The ASCII code discussed above was quickly adopted by the majority of American computer manufacturers, and was eventually turned into an international standard (see also the discussions on ISO and Unicode later in this paper.) However, IBM already had its own six-bit code called BCDIC (Binary Coded Decimal Interchange Code). Thus, IBM decided to go its own way, and it developed a proprietary 8bit code called the Extended Binary Coded Decimal Interchange Code (EBCDIC).

Pronounced "eb-sea-dick" by some and "eb-sid-ick" by others, EBCDIC was first used on the IBM 360 computer, which was presented to the market in 1964. As was noted in our earlier discussions, one of the really nice things about ASCII is that all of the alpha characters are numbered sequentially. In turn, this means that we can perform programming tricks like saying "char = 'A' + 23" and have a reasonable expectation of ending up with the letter 'X'. To cut a long story short, if you were thinking of doing this with EBCDIC ... don't. The reason we say this is apparent from the table shown in Figure 3.

Figure 3: EBCDIC character codes.

A brief glance at this illustration shows just why EBCDIC can be such a pain to use – the alphabetic characters don't have sequential codes. That is, the letters 'A' through 'I' occupy codes $C1 to $C9, 'J' through 'R' occupy codes $D1 to $D9, and 'S' through 'Z' occupy codes $E2 to $E9 (and similarly for the lowercase letters). Thus, performing programming tricks such as using the expression ('A' + 23) is somewhat annoying with EBCDIC. Another nuisance is that EBCDIC doesn't contain all of the ASCII codes, which makes transferring text files between the two representations somewhat problematical.

Once again, in addition to the standard alphanumeric characters ('a'...'z', 'A'...'Z' and '0'...'9'), punctuation characters (comma, period, semi-colon, ...), and special characters ('!', '#', '%', ...), EBCDIC includes a lot of strange mnemonics, such as ACK, NAK, and BEL, which were designed for communications purposes. Some of these codes are still used today, while others are, generally speaking, of historical interest only. A slightly more detailed breakdown of these codes is presented in Figure 4 for your edification and delight.

Figure 4: EBCDIC control codes.

As one final point of interest, different countries have different character requirements, such as the á, ê, and ü characters. Due to the fact that IBM sold its computer systems around the world, it had to create multiple versions of EBCDIC. In fact, 57 different national variants were eventually wending their way across the planet. (A "standard" with 57 variants! You can only imagine how much fun everybody had when transferring files from one country to another).

ISO and Unicode

Upon its introduction, ASCII quickly became a de facto standard around the world. However, the original ASCII didn't include all of the special characters (such as á, ê, and ü) that are required by the various languages that employ the Latin alphabet. Thus, the International Organization for Standardization (ISO) in Geneva, Switzerland, undertook to adapt the ASCII code to accommodate other languages.

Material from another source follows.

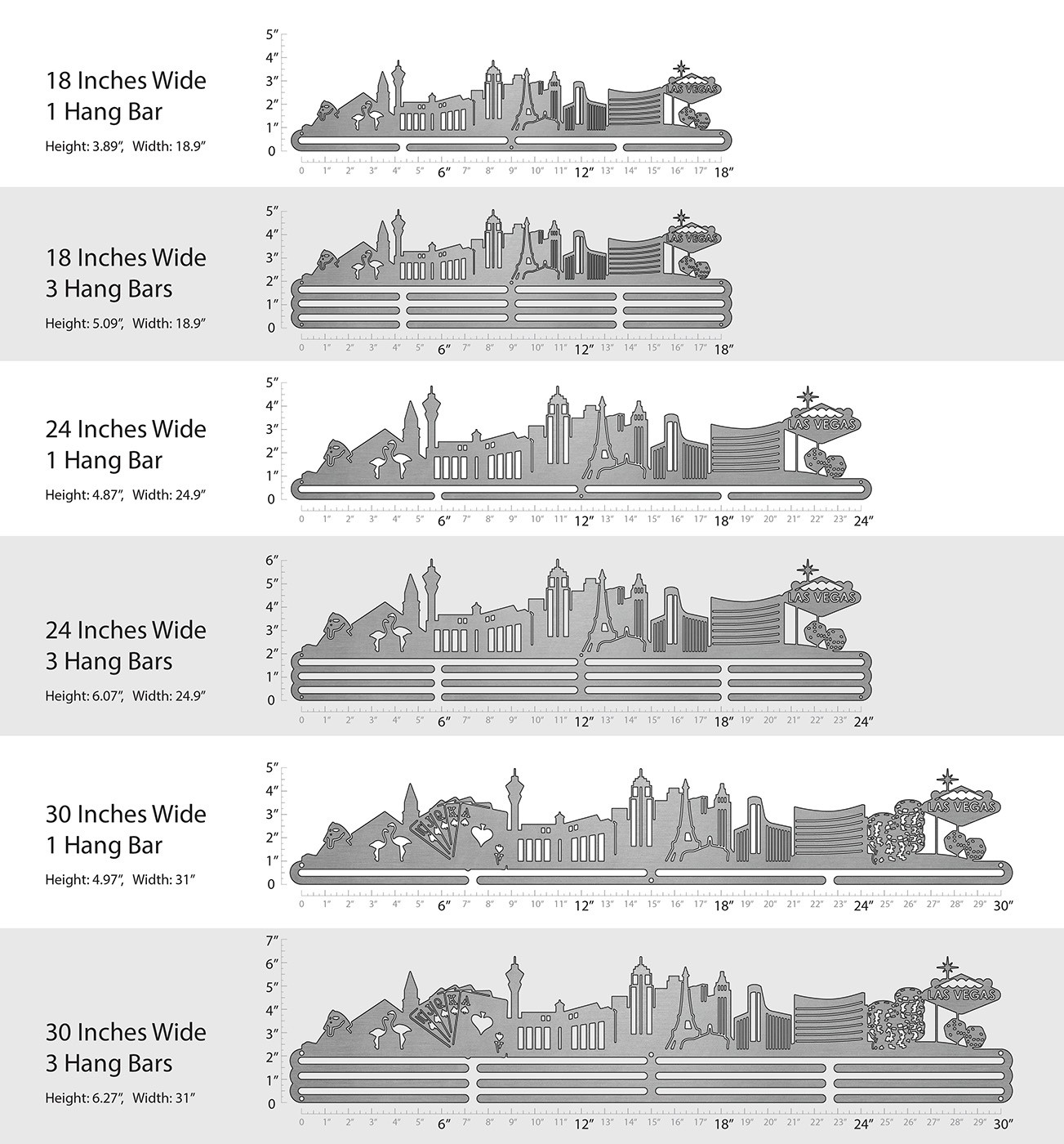 Unsure what size to get? We have created two consistently scaled images to show you what different sized displays look like when filled with medals.

In 1967, the organization released its recommendation ISO 646. Essentially, this left the original 7bit ASCII code "as was", except that ten character positions were left open to be used to code for so-called "national variants."

ISO 646 was a step along the way toward internationalization. However, it didn't satisfy everyone's requirements; in particular (as far as the ISO was concerned), it wasn't capable of handling all of the languages in use in Europe, such as the Arabic, Cyrillic, Greek, and Hebrew alphabets. Thus, the ISO created its standard 2022, which described the ways in which 7bit and 8bit character codes were to be structured and extended.

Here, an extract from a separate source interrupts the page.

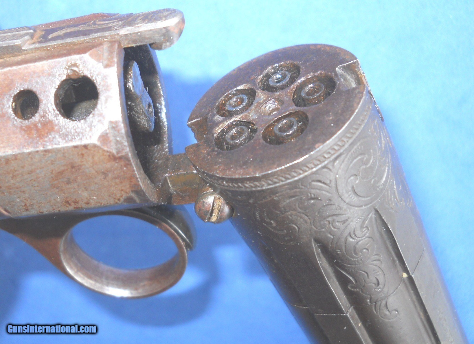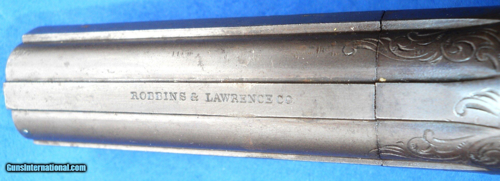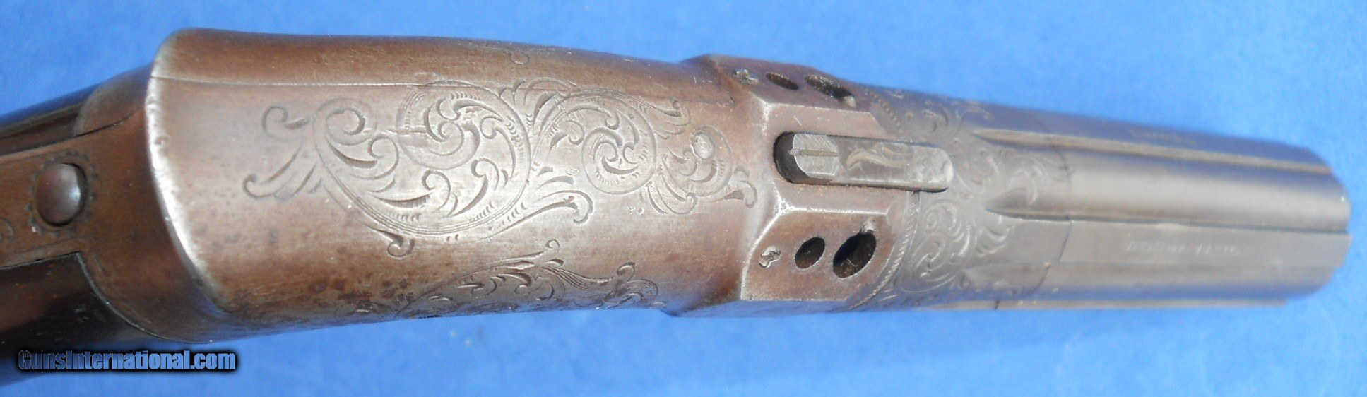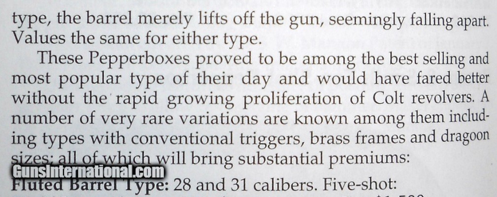 Description: ROBBINS & LAWRENCE, WINDSOR, VT .31 CALIBER PEPPERBOX PISTOL WITH EARLY "LEONARDS PATENT 1849" MARKING. 9 1/4" OVERALL WITH 4 1/2" BARREL, ORIGINAL SMOOTH BROWN FINISH & FACTORY ENGRAVING. VERY NICE BORES WITH DISTINCT RIFLING & NIPPLES ARE CLEAR. FRAME AGED TO A GRAYISH BROWN PATINA HAVING SOME STAINS MOSTLY ON THE RIGHT SIDE. WALNUT GRIPS ARE CORRECTLY STAMP NUMBERED MATCHING THE GUN. ACTION WORKS FINE CRISP & ROBUST. I PERSONALLY WOULD HAVE NO PROBLEM SHOOTING IT. VERY NICE EARLY EXAMPLE OVERALL, AS PICTURED. LIKELY A FIRST YEAR GUN ! SEE ALL "ESTATE ANTIQUES" LISTINGS FOR MORE ITEMS AT REALISTIC PRICES FROM OLD COLLECTIONS & ESTATES. $20.00 S&H DIRECT TO BUYER ANYWHERE THAT'S OK. NO LICENSE NEEDED. SOLD Antique: Yes Handgun Caliber: .31 Manufacturer: ROBBINS & LAWRENCE Model: PEPPERBOX Serial Number: 856 Barrel Length: 4 1/2 Bore: SHARP RIFLING Chambers: CLEAR Condition: NRA FINE Metal Condition: ORIGINAL Wood Condition: FINE Bore Condition: NEAR EXCELLENT Barrels: 5 SHOT Barrel Type: CLUSTER Action: CRISP Triggers: RING TRIGGER Stock: WALNUT Finish: ORIGINAL Manufacture Date: 1851-1854 Engraving: FACTORY HAND ENGRAVED |

The principles laid down in ISO 2022 were subsequently used to create the ISO 8859-1 standard. Unofficially known as "Latin-1", ISO 8859 is widely used for passing information around the Internet in Western Europe to this day. Full of enthusiasm, the ISO then set about defining an "all-singing all-dancing" 32bit code called the Universal Coded Character Set (UCS). Now known as ISO/IEC DIS 10646 Version 1, this code was intended to employ escape sequences to switch between different character sets. The result would have been able to support up to 4,294,967,296 characters, which would have been more than sufficient to address the world's (possibly the universe's) character coding needs for the foreseeable future.

However, starting in the early 1980s, American computer companies began to consider their own solutions to the problem of supporting multilingual character sets and codes. This work eventually became known as the Unification Code, or Unicode for short. Many people preferred Unicode to the ISO 10646 offering on the basis that Unicode was simpler. After a lot of wrangling, the proponents of Unicode persuaded the ISO to drop 10646 Version 1 and to replace it with a Unicode-based scheme, which ended up being called ISO/IEC 10646 Version 2.